Assume that we are interested in classifying the cross in black into one of the three classes. One of the most naive ideas of this classification is dividing the graph into grids and labeling each grid depending on the number of samples in the classes (which are colored at the right side of the figure). And you can classify the test sample, the cross in black, into the class of the grid where the test sample is in. Thereby the cross is classified to the class in red.

Source: C.M. Bishop, “Pattern Recognition and Machine Learning,” (2006), Springer, pp. 34-35

As I mentioned in the figure above, we used only two features out of 12 features in total. When the total number of data points is fixed and you add remaining ten axes/features one after another, what would happen? Let’s see what “adding axes/features” means. If you are talking about 1, 2, or 3 dimensional grids, you can visualize them.

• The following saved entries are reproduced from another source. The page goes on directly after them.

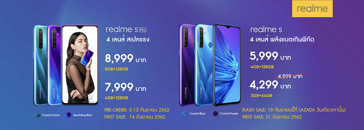 เปิดตัวพร้อมจองล่วงหน้า รับสิทธิพิเศษ กับ realme 5 สมาร์ทโฟนกล้องหลัง 4 ตัว แบตอึด ราคา 4599 บาท และ realme 5 Pro ราคา 7999 บาท
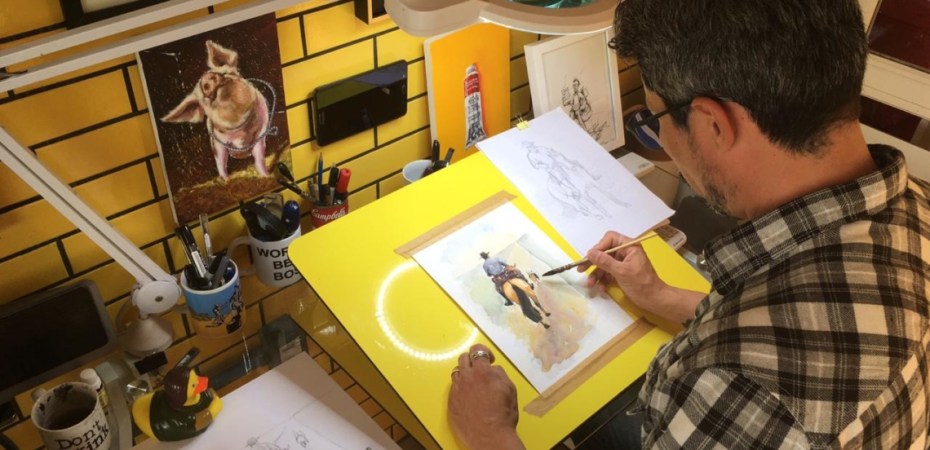 Para ele, a adaptabilidade ao pedido do cliente e a habilidade de conseguir traduzir em desenhos estes pedidos estão entre seus diferenciais. “Eu faço um trabalho muito racional. Não gosto de impor a minha arte, o meu estilo. Não consigo ser excêntrico e por isso me adapto bem ao que preciso criar”, conta. Ele estuda e aprimora suas técnicas para conseguir atender às demandas e foi assim também que passou a desenhar ao vivo em programas de televisão e eventos para além das linhas do RS e do Brasil. “Fui fazer um teste em SP para ingressar no line up dos eventos. Eu tinha 20 minutos para pintar em uma tela de 60×80. Escolhi fazer um retrato de Edgar Allan Poe, um de seus corvos e uma parte de um de seus poemas. Quando terminei, os julgadores começaram a rir. Eu tinha feito algo considerado bem difícil em 17 minutos”, relembra. E a partir daí muitas portas foram se abrindo em eventos, inclusive com grandes nomes da música e do futebol.
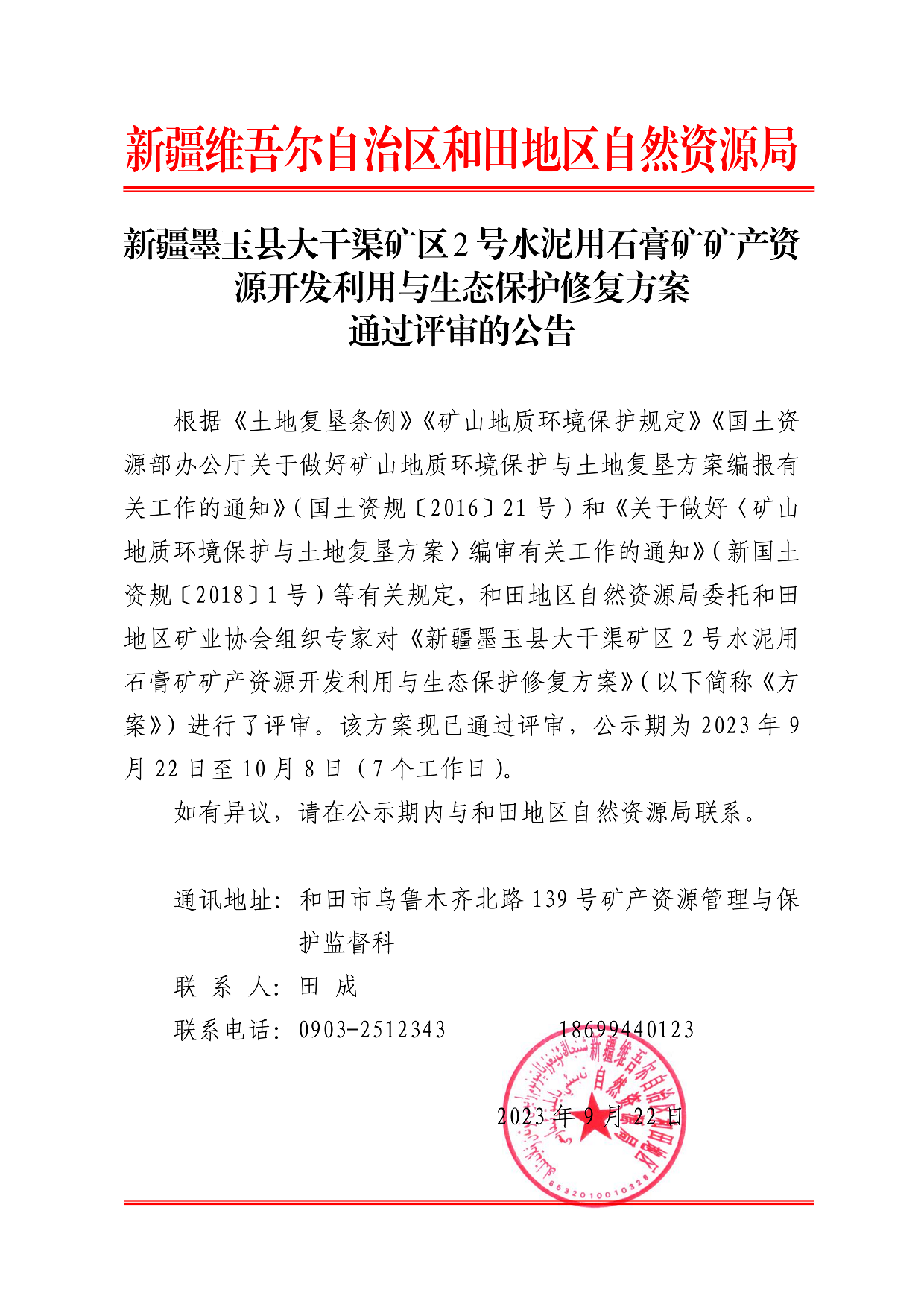 新疆墨玉縣大干渠礦區(qū)2號水泥用石膏礦礦產(chǎn)資源開發(fā)利用與生態(tài)保護(hù)修復(fù)方案通過評審的公告
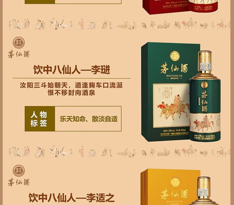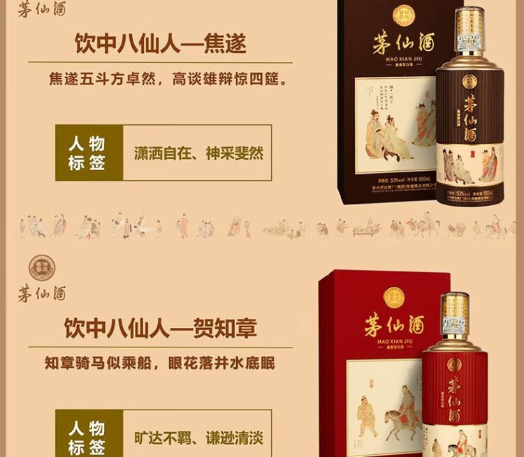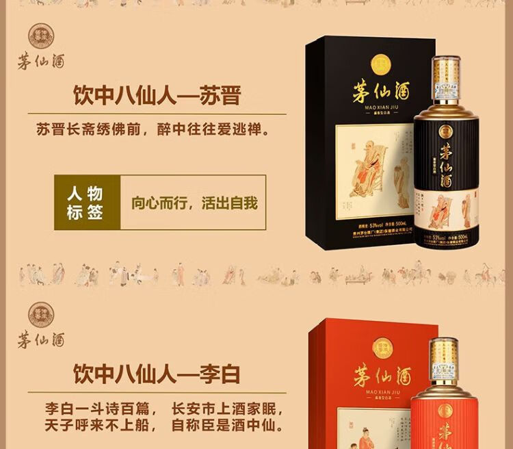 【2瓶】(千)53°茅仙酒饮中八仙酱香型白酒500ml/瓶
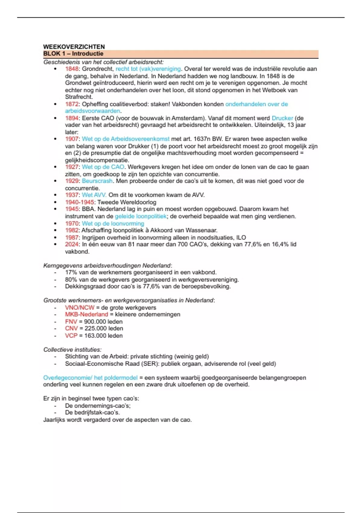 Samenvatting Weekoverzichten collectief arbeidsrecht
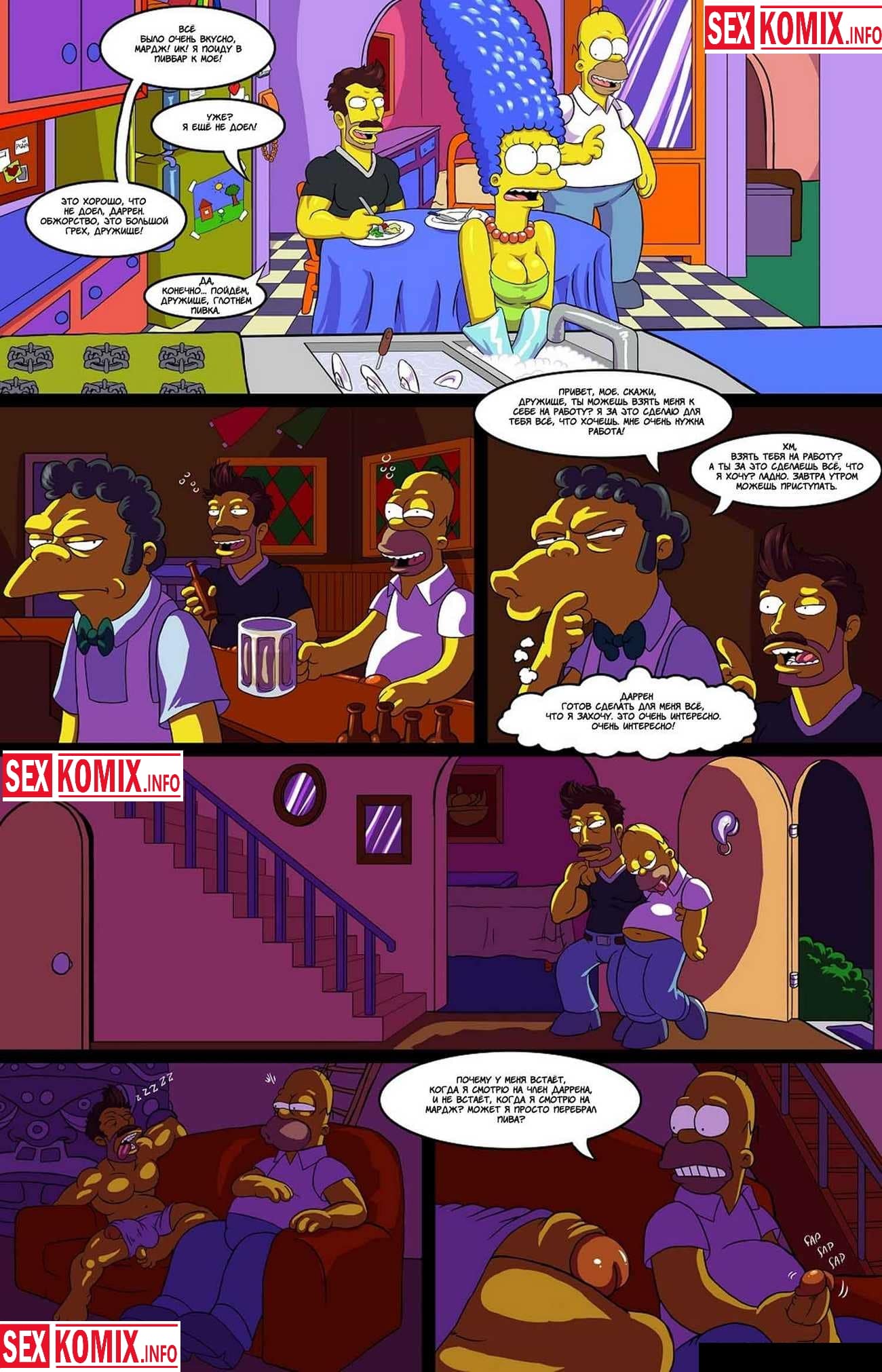 Порно комикс Приключения Даррена. Так бездомный и к тому же безработный проходимец по имени Даррен, втёрся в доверие к любителю пива, полнотелому Гомеру и набился к нему в гости на проживание. Гомер был счастлив от своего бескорыстного поступка, и даже не подозревал, какого козла он сам пустил в свой «семейный огород». Его женушка Мардж страшно негодовала, что в их доме завёлся нищий бродяга, но вскоре женщина напрочь изменила своё мнение…
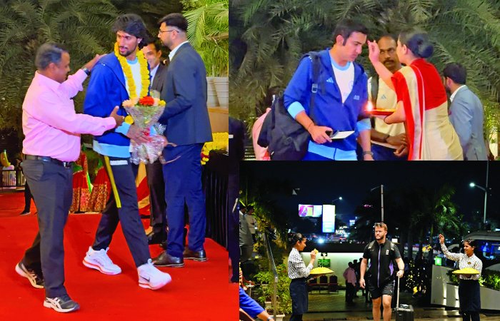 મેચના બે દિવસ પહેલા એટલે કે 26 જાન્યુઆરીને રવિવારના રોજ બંને ટીમના ખેલાડીઓનું રાજકોટમાં આગમન થયું છે, જેમાં ટીમ ઇન્ડિયાના ખેલાડીઓ કાલાવડ રોડ પર હોટેલ સયાજી ખાતે રોકાણ કરવાની છે જયારે ઇંગ્લેન્ડ ટિમ 150 ફૂટ રિંગ રોડ પર આવેલ હોટલ ફોચ્ર્યુન ખાતે રોકાશે. ભારતીય ખેલાડીઓનું રેડ કાર્પેટ પર તિલક કરી બુકે આપી હાર પહેરાવી કાઠિયાવાડી ઠાઠમાં સ્વાગત કરવામાં આવ્યું હતું. જેમાં સયાજી હોટલ ખાતે કેપટન સૂર્ય કુમાર યાદવ, હાર્દિક પંડ્યા, તિલક વર્મા, સંજુ, અર્શદીપ, અક્ષર પટેલ સહીત તમામ ખેલાડીઓની સાથે સાથે ટીમના કોચ ગૌતમ ગંભીર, સિતાંશુ કોટક, અને સપોર્ટિંગ સ્ટાફનું પણ સ્વાગત કરવામાં આવ્યું હતું.
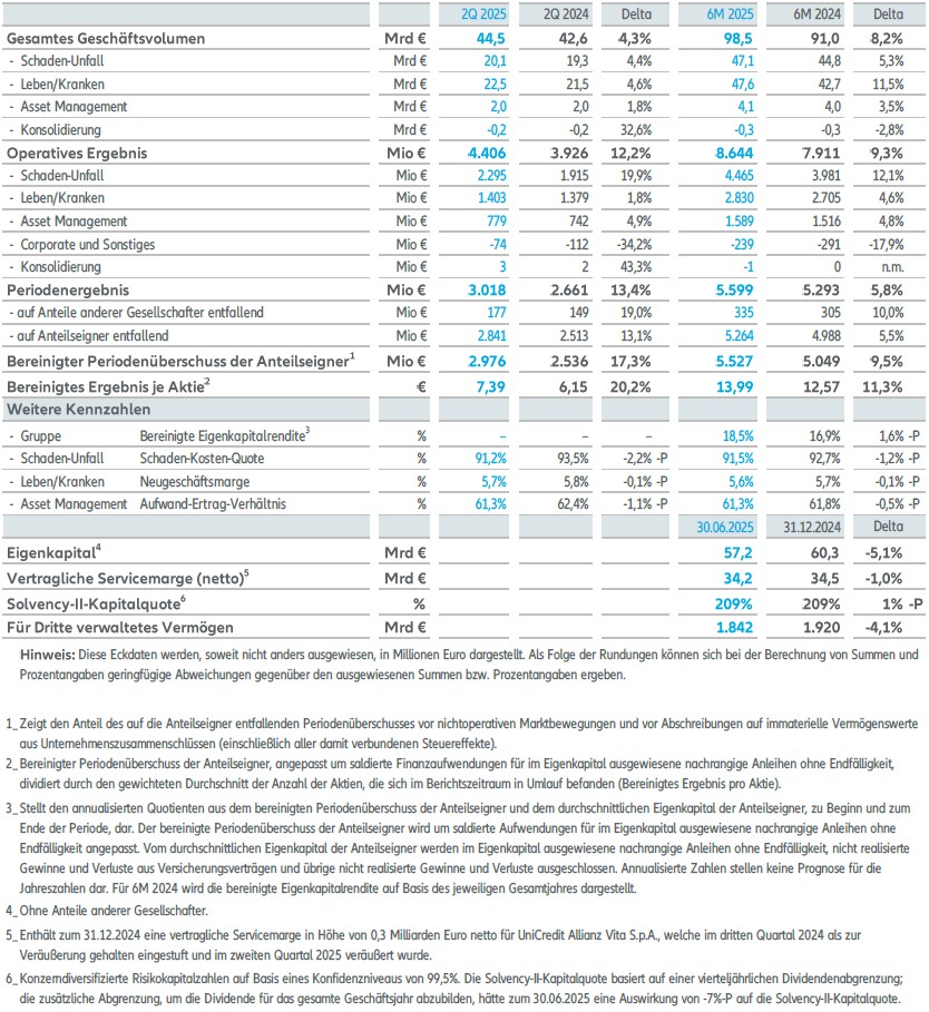 Allianz Gruppe - Eckdaten für das 2. Quartal und das 1. Halbjahr 2025
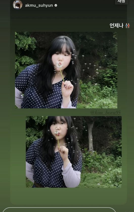 김보라는 이수현이 12일 자신의 인스타그램에 올린 사진을 본인 계정에 리그램 하며 남다른 우정을 뽐냈다. 귀엽게 민들레 홀씨를 불고 있는 이수현의 모습에 “언제나”라는 짧은 메시지와 손 꼭 잡고 있는 이모티콘을 더해 눈길을 끌었다.
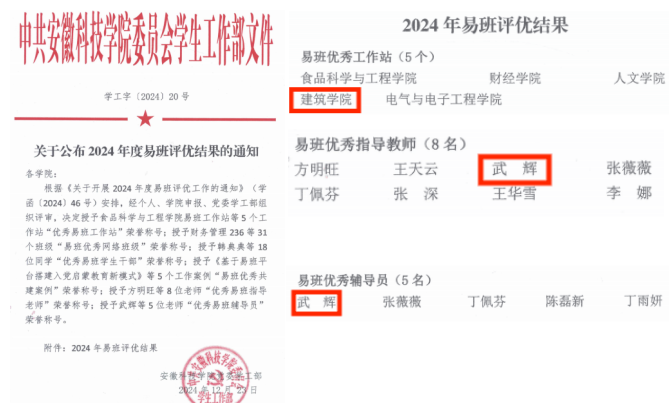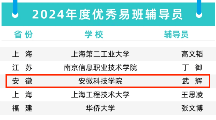 近日,教育部易班发展中心公布了2024年度全国易班共建优秀名单,建筑学院专职辅导员武辉获评2024年度全国“优秀易班辅导员”,安徽省仅1位辅导员获得此荣誉。
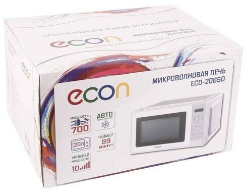 Микроволновая печь Econ – универсальный помощник для разогрева и разморозки! Удобное сенсорное управление позволит вам с легкостью пользоваться этой микроволновой печью. На дисплее отображаются настройки. Функция быстрой разморозки позволяет разморозить продукты, сохранив их свежесть и текстуру. За быстрый результат отвечает высокая мощность. Внутренний объем составляет 20 л. Функция Таймера позволит запрограммировать работу прибора на определенное время.
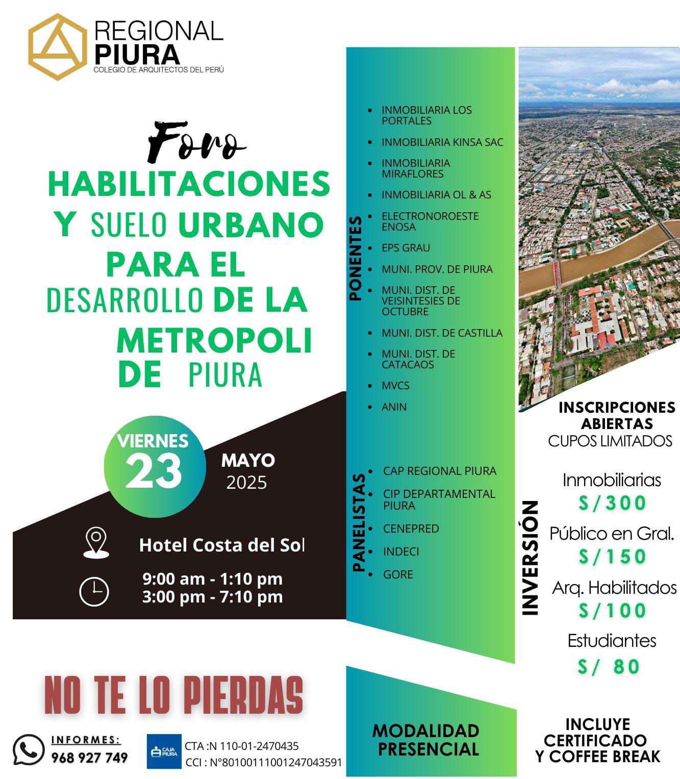 Colegio de Arquitectos de Piura invita a la ciudadanía a participar del foro “Habilitaciones y suelo urbano para el[…]
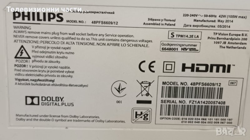 Philips 48PFS6609/12 с дефектен екран и T-Con Board
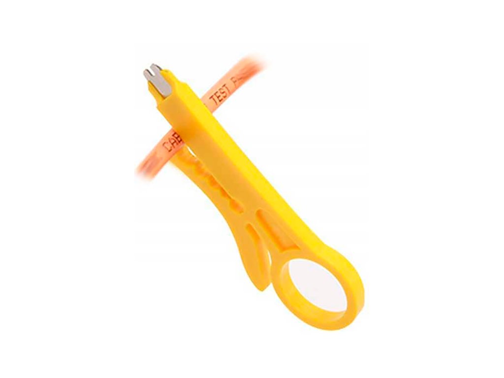 - Ima nož za natančno rezanje žil kabla pred vstavljanjem v konec
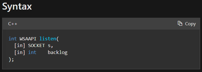 1 2 3 4 5 6 7 8 9 10 11 int main () { if (SOCKET_ERROR == ::listen (listen_sock, 1 )) { err = ::WSAGetLastError (); return 1 ; } }
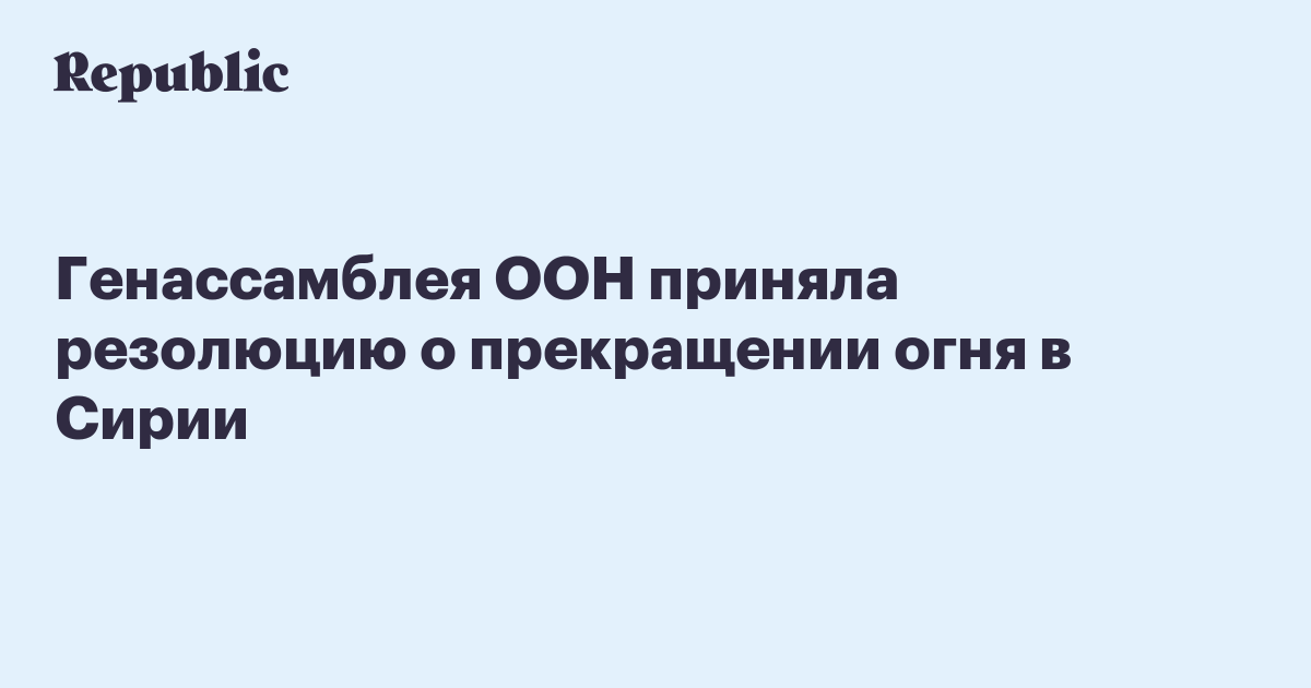 Генассамблея ООН приняла резолюцию о прекращении огня в Сирии
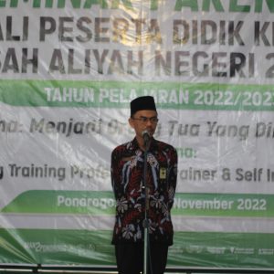 Ponorogo, 05/11/2022. Hari ini MAN 2 Ponorogo melaksanakan kegiatan Seminar Parenting dan Motivasi bagi wali serta peserta didik kelas X tahun ajaran 2022/2023. Seminar Parenting dengan tema “Menjadi Orang Tua yang dirindukan” bagi wali peserta didik dilaksanakan di Gedung Olahraga MAN 2 Ponorogo, sementara Seminar Motivasi untuk peserta didik dengan tema “Menjadi pribadi tangguh, pemenang kehidupan” bertempat di Aula MAN 2 Ponorogo.

And as you can see from the figure below, if you make each 10^1, 10^2, 100^3 grids respectively in 1, 2, 3 dimensional spaces, the number of the small regions in the grids are respectively 10, 100, 1000. Even though you cannot visualize it anymore, you can make grids for more than 3 dimensional data. If you continue increasing the degree of dimension, the number of grids increases exponentially, and that can soon surpass the number of training data points. That means there would be a lot of empty spaces in such high dimensional grids. And the classifying method above: coloring each grid and classifying unknown samples depending on the colors of the grids, does not work out anymore because there would be a lot of empty grids.

* If you are still puzzled by the idea of “more than 3 dimensional grids,” you should not think too much about that now. It is enough if you can get some understandings on high dimensional data after reading the whole article of this.

Source: Goodfellow and Yoshua Bengio and Aaron Courville, Deep Learning, (2016), MIT Press, p. 153

I said the method above is the most naive way, but other classical classification methods , for example k-nearest neighbors algorithm, are more or less base on a similar idea. Many of classical machine learning algorithms are based on the idea of smoothness prior, or local constancy prior. In short in classical ways, you  do not expect data to change so much in a small region, so you can expect unknown samples to be similar to data in vicinity. But that soon turns out to be problematic when the dimension of data is bigger because training data would be sparse because the area of multidimensional space grows exponentially as I mentioned above. And sometimes you would not be able to find training data around test data. Plus, in high dimensional data, you cannot treat distance in the same as you do in lower dimensional space. The ideas of “close,” “nearby,” or “vicinity” get more obscure in high dimensional data. That point is related to the next topic: the intuition have cultivated in normal life is not applicable to higher dimensional data.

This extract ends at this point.